The required output is the lines below from the line containing "夏の植物の様子を観察しました" to the line containing "A great gift", inclusive, retyped exactly. No other lines belong in it.

::: Source data :::

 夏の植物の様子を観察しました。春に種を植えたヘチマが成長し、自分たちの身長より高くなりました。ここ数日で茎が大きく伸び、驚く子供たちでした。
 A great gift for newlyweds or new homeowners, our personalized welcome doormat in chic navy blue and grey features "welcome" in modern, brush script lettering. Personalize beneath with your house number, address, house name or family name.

:::
::: Source data :::

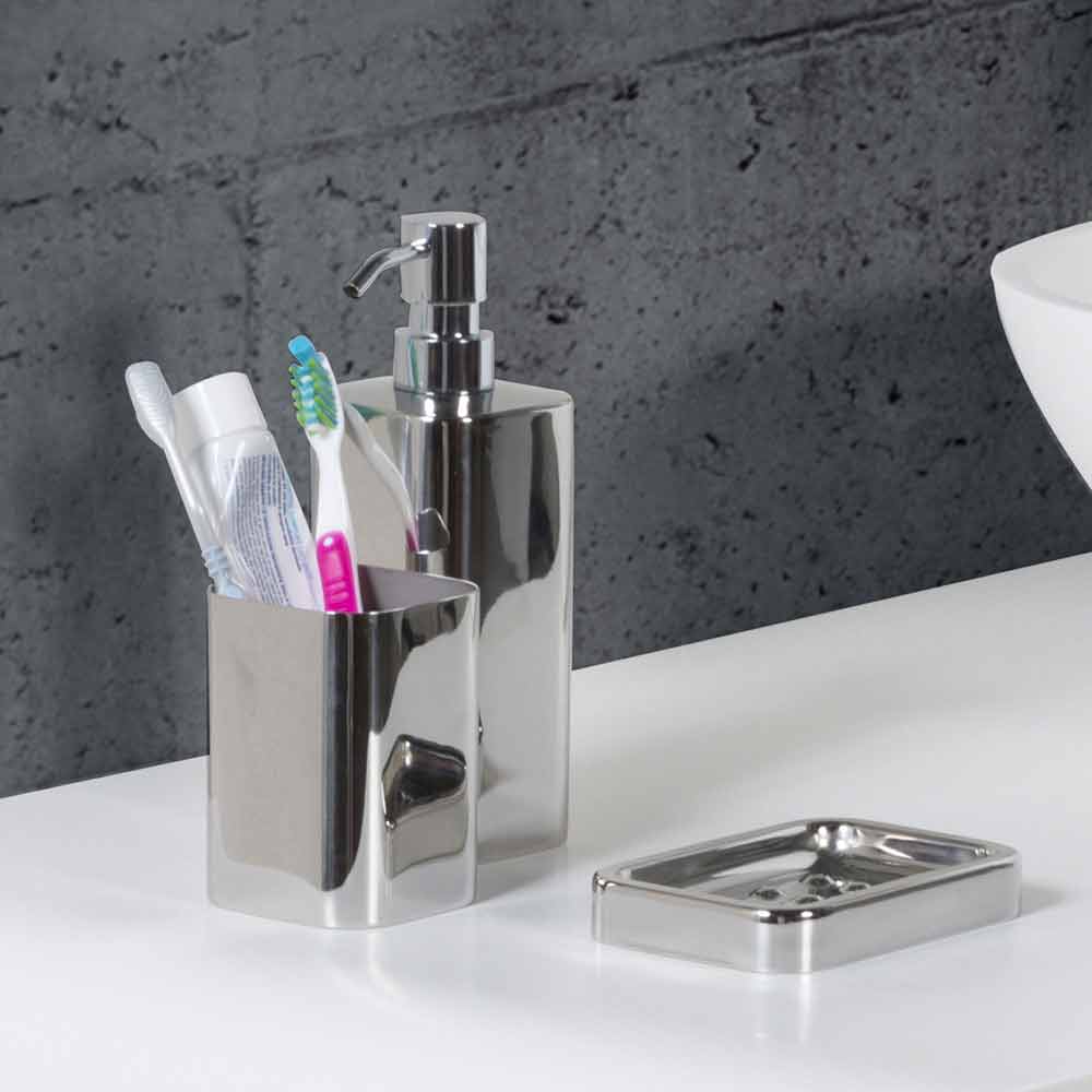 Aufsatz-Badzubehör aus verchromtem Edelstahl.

:::
::: Source data :::

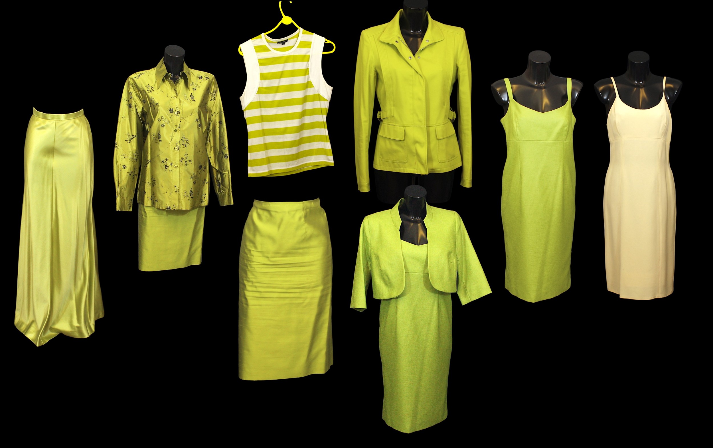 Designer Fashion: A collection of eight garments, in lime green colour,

:::

### [Answer space]
 夏の植物の様子を観察しました。春に種を植えたヘチマが成長し、自分たちの身長より高くなりました。ここ数日で茎が大きく伸び、驚く子供たちでした。
 A great gift for newlyweds or new homeowners, our personalized welcome doormat in chic navy blue and grey features "welcome" in modern, brush script lettering. Personalize beneath with your house number, address, house name or family name.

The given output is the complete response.